Exercise - Retype all the entries word for word, but omit the pictures.

[Data items]

● ● ● ● ● ● ●

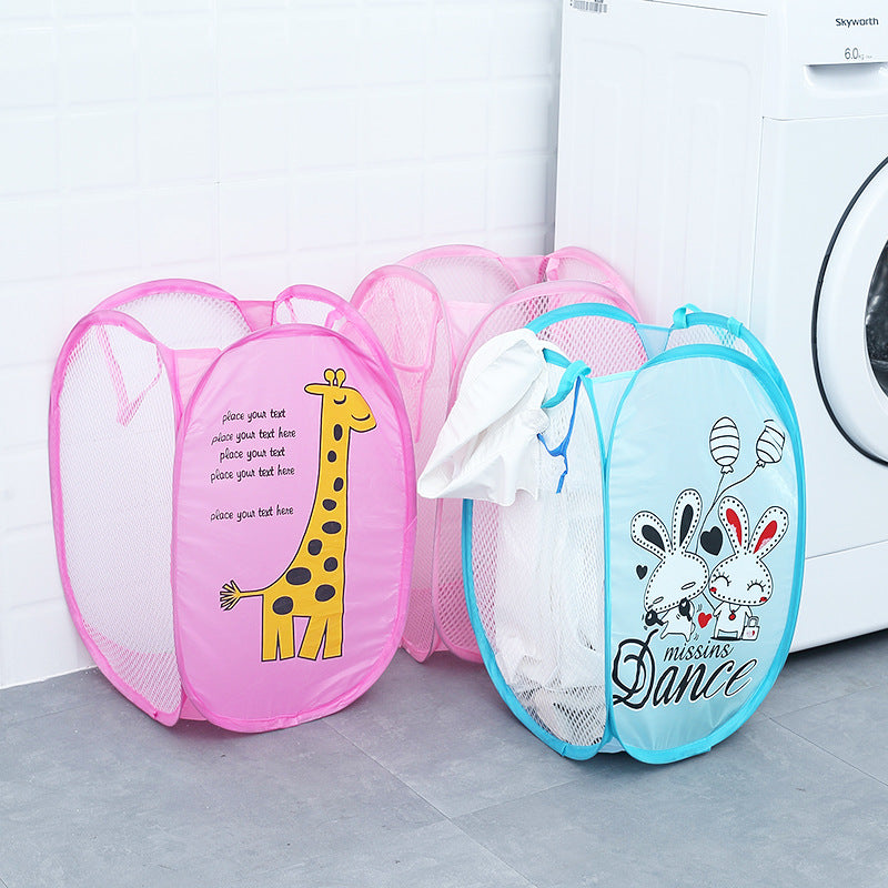 • Cute Kids Cartoon Foldable Laundry Storage Bag Polyester Mesh Organizer Dirty Clothes Storage
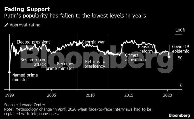 Μετά από δύο δεκαετίες στην εξουσία, τα ποσοστά του Βλαντιμίρ Πούτιν στις δημοσκοπήσεις βρίσκονται σε ιστορικό χαμηλό, καθώς η οικονομία της Ρωσίας πλήττεται από τον αντίκτυπο της πανδημίας και την πτώση των τιμών του πετρελαίου. Αντικειμενικά δεν υπάρχει καλύτερη στιγμή για να επιδιώξει ο ισχυρός άνδρας της Ρωσίας να παρατείνει την προεδρία του για δυνητικά 16 ακόμη χρόνια.
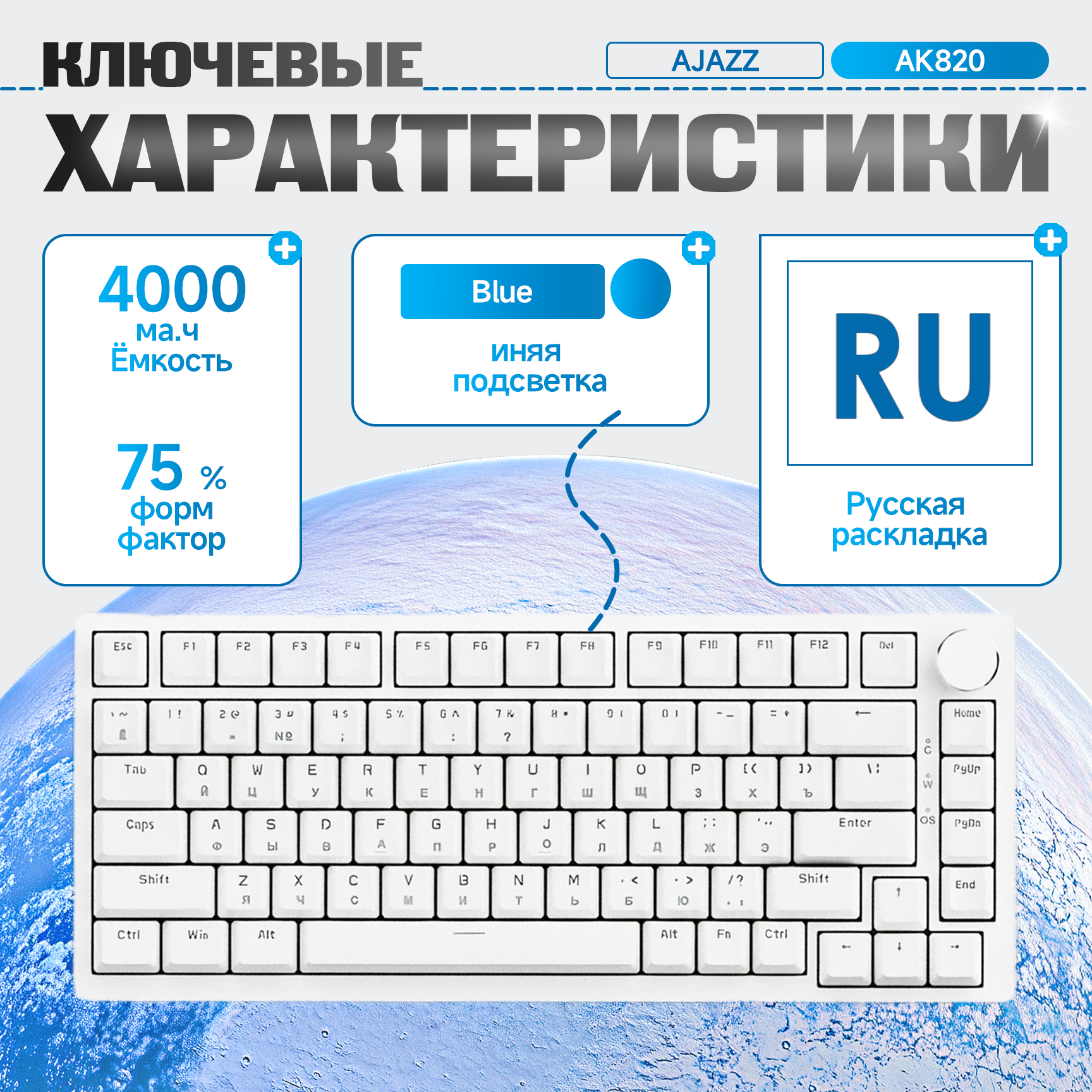 Механическая игровая клавиатура AJAZZ AK820 (синяя подсветка) Русская раскладка, Blue Switch, белый: сравнение цен, характеристики, фото, актуальное наличие и цены.
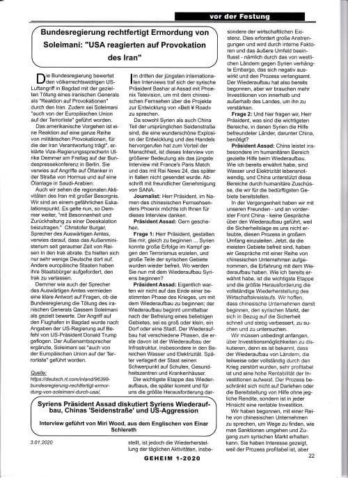 In dem Magazin GEHEIM erschienen in Ausgabe 1/2020 ein sehr interessantes Exklusivinterview mit Baschar al-Assad, das wir mit freundlicher Genehmigung des Verlags hier veröffentlichen.
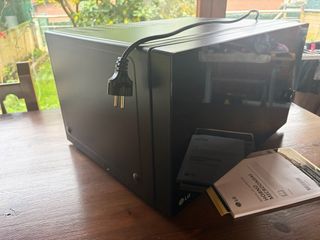 Microondas LG Smart Inverter con tecnología Inverter de 23 litros de capacidad. - Funciones: microondas, grill, freidora de aire, horno, descongelado y cocción uniforme. - Color negro con frontal efecto espejo. - Incluye plato giratorio, rejilla/grill interior y manuales originales. - Comprado hace 3 meses, muy poco uso, como nuevo. - Sin golpes ni arañazos, funciona perfectamente.
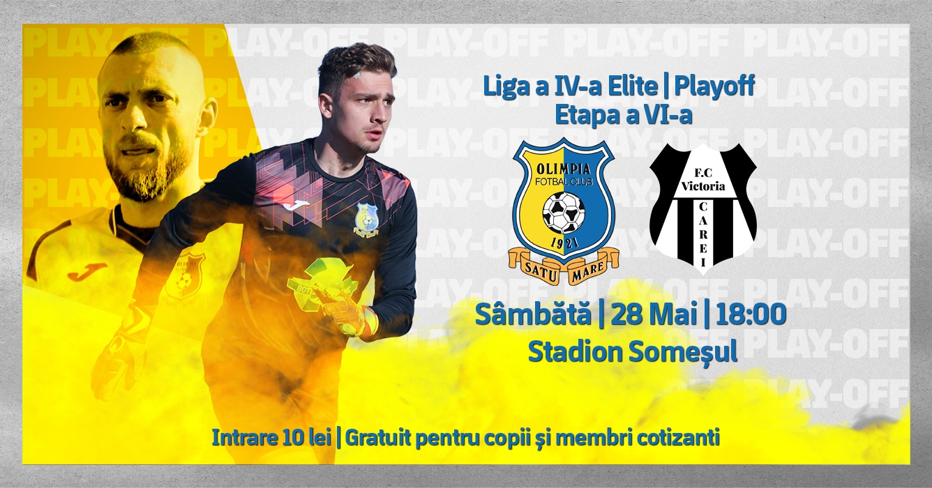 Olimpia Satu Mare înfruntă sâmbătă, 28 Mai, echipa aflată pe prima poziție în clasamentul play-off-ului, Victoria Carei. Partida se va disputa pe stadionul Someșul de la ora 18:00,...
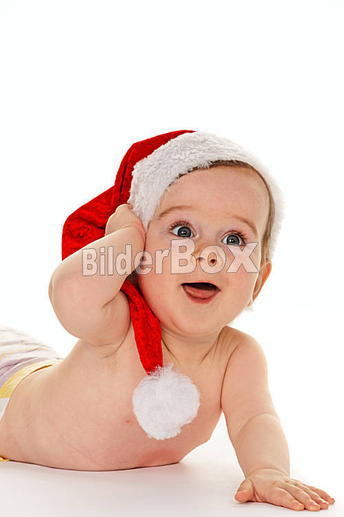 Kleines Kind baby mit Weihnachtsmann Mütze

● ● ● ● ● ● ●

Solution to this exercise -
 • Cute Kids Cartoon Foldable Laundry Storage Bag Polyester Mesh Organizer Dirty Clothes Storage
 Μετά από δύο δεκαετίες στην εξουσία, τα ποσοστά του Βλαντιμίρ Πούτιν στις δημοσκοπήσεις βρίσκονται σε ιστορικό χαμηλό, καθώς η οικονομία της Ρωσίας πλήττεται από τον αντίκτυπο της πανδημίας και την πτώση των τιμών του πετρελαίου. Αντικειμενικά δεν υπάρχει καλύτερη στιγμή για να επιδιώξει ο ισχυρός άνδρας της Ρωσίας να παρατείνει την προεδρία του για δυνητικά 16 ακόμη χρόνια.
 Механическая игровая клавиатура AJAZZ AK820 (синяя подсветка) Русская раскладка, Blue Switch, белый: сравнение цен, характеристики, фото, актуальное наличие и цены.
 In dem Magazin GEHEIM erschienen in Ausgabe 1/2020 ein sehr interessantes Exklusivinterview mit Baschar al-Assad, das wir mit freundlicher Genehmigung des Verlags hier veröffentlichen.
 Microondas LG Smart Inverter con tecnología Inverter de 23 litros de capacidad. - Funciones: microondas, grill, freidora de aire, horno, descongelado y cocción uniforme. - Color negro con frontal efecto espejo. - Incluye plato giratorio, rejilla/grill interior y manuales originales. - Comprado hace 3 meses, muy poco uso, como nuevo. - Sin golpes ni arañazos, funciona perfectamente.
 Olimpia Satu Mare înfruntă sâmbătă, 28 Mai, echipa aflată pe prima poziție în clasamentul play-off-ului, Victoria Carei. Partida se va disputa pe stadionul Someșul de la ora 18:00,...
 Kleines Kind baby mit Weihnachtsmann Mütze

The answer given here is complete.